*Activity*
Begin at the line below that has "I stikrysset like". Stop after the line that has "a)帐篷扎营√。太湖迷笛营设", repeating each line exactly and leaving out the pictures.

*Extracted material*
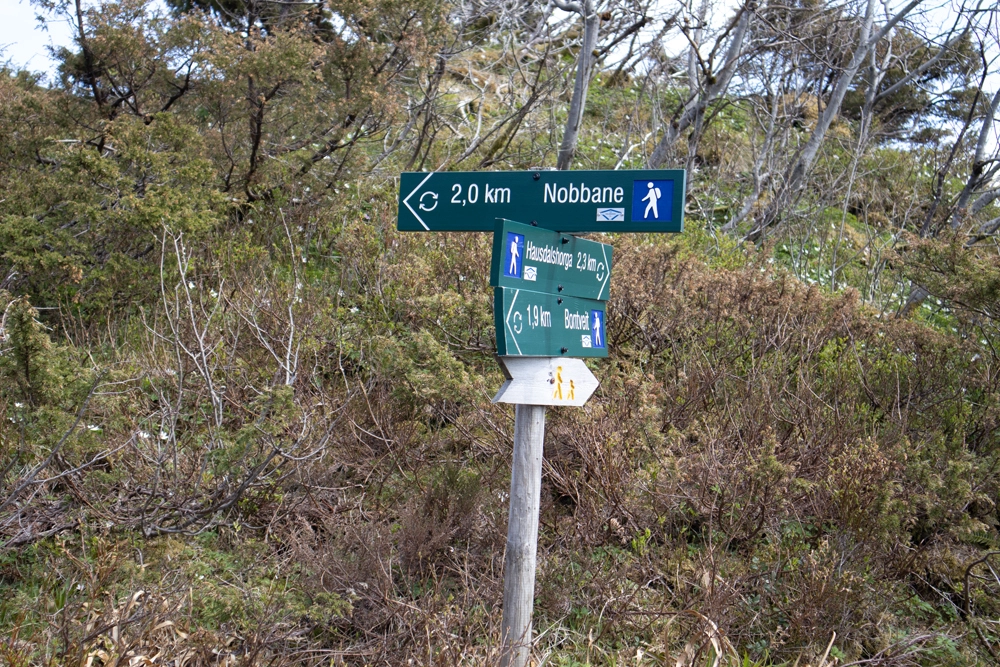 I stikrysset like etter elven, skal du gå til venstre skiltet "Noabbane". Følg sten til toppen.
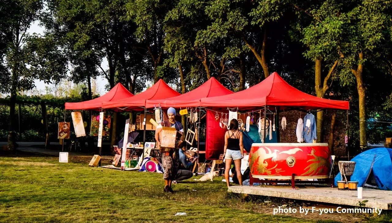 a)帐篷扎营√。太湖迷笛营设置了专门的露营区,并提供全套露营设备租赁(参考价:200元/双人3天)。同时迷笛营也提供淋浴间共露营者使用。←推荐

---

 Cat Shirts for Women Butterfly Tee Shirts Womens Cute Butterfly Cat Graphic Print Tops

*Solution to the problem*
 I stikrysset like etter elven, skal du gå til venstre skiltet "Noabbane". Følg sten til toppen.
 a)帐篷扎营√。太湖迷笛营设置了专门的露营区,并提供全套露营设备租赁(参考价:200元/双人3天)。同时迷笛营也提供淋浴间共露营者使用。←推荐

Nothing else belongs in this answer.